Horiguchi is concerned with “processing an asynchronous interrupt of a processing entity.” [Horiguchi, Abstract.] The processing runs strictly on a single (multi-threaded) operating system. By contrast, Korn is concerned with porting processes that run on single-thread operating systems to those that run on multi-threaded operating systems. [Korn, abstract.] As Horiguchi has nothing to do with porting one operating system portion to another, it is nonsensical to place a feature for porting an operating system portion into a patent that does no such thing. Further, as to the suggested improvement, it is unclear, to say the least, why “handing primary (parent) threads and other (child) threads” (the improvement suggested by the Action, pp. 5-6) would produce any sort of improvement to Horiguchi. Horiguchi does not even discuss parent or children threads, let alone any sort of parent-child relationships. Shoehorning in a parent-child thread relationship into a patent that has no such constructs, nor any use for such constructs would do nothing but require additional constructs with no apparent purpose, making Horiguchi unsatisfactory for its intended purpose, as it would either not work, or at a very best case scenario, be unnecessarily complicated for no perceived benefit. As there is no improvement suggested, nor any improvement even envisioned, the statement, on its face, is conclusory, as is not allowed.

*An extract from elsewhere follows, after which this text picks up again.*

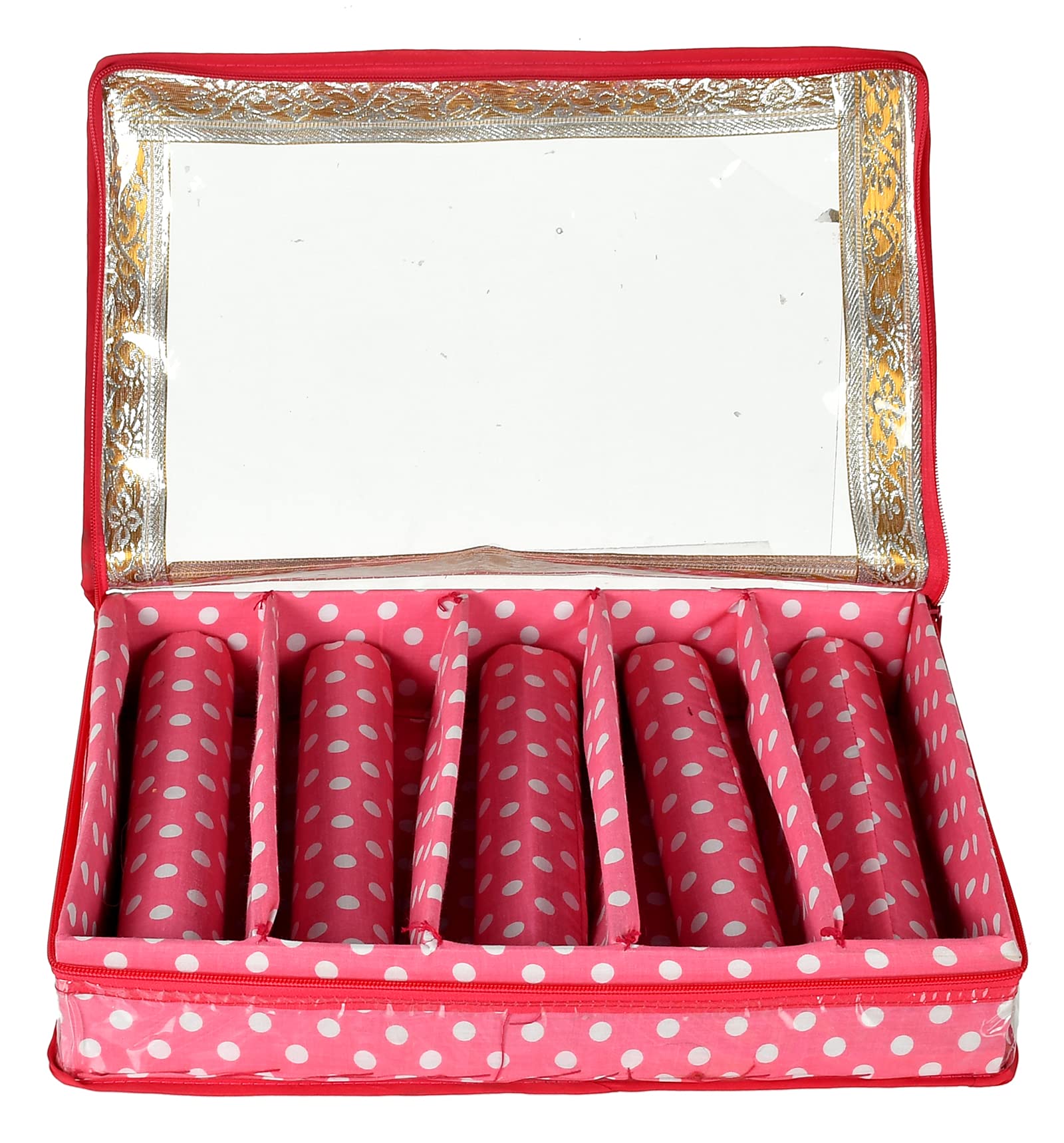 Kuber Industries Bangle box is made of good quality pvc material so, this is very durable, long-lasting and very useful. A bangle is an ageless accessory that has a special place in every woman's collection. The bangle box or a casket is a beautiful container and is mostly used to keep many high-end accessories and precious jewelry. The bangle box is a one-stop solution to all the problems. The safety of bangles is ensured as it has a high-class supportive frame that serves the purpose well. The classy bangles can be saved from any kind of vulnerability of harm or damage. It prolongs the natural shine and shimmer of the bangles that make them look like new and brings in loads of appreciation. The arranged bangle box saves you from extra efforts to save the most complimenting thing of your jewelry. It can prove to be the most beautiful gift ever if you plan to give it to your near and dear ones. The box can also be a holder of minute earpieces or very small jewelry. It prevents any loss or misplacement of any jewelry kept inside it the future use.Detailed Specifications:

To reach a proper determination under 35 U.S.C. 103, the examiner must step backward in time and into the shoes worn by the hypothetical "person of ordinary skill in the art" when the invention was unknown and just before it was made. In view of all factual information, the examiner must then make a determination whether the claimed invention "as a whole" would have been obvious at that time to that person. Knowledge of applicant's disclosure must be put aside in reaching this determination, yet kept in mind in order to determine the "differences," conduct the search and evaluate the "subject matter as a whole" of the invention. The tendency to resort to "hindsight" based upon applicant’s disclosure is often difficult to avoid due to the very nature of the examination process. However, impermissible hindsight must be avoided and the legal conclusion must be reached on the basis of the facts gleaned from the prior art.
As only a conclusory statement was provided to combine Horiguchi with Korn, it appears that impermissible hindsight was used to make the determination that these two references could be combined, and as Horiguchi cannot be combined with Korn because the Korn techniques to port one type of operating system to another have nothing to with Horiguchi’s techniques to process asynchronous interrupts, Applicants respectfully submit that the Examiner has failed to establish a prima facie case of obviousness on the basis of these two references.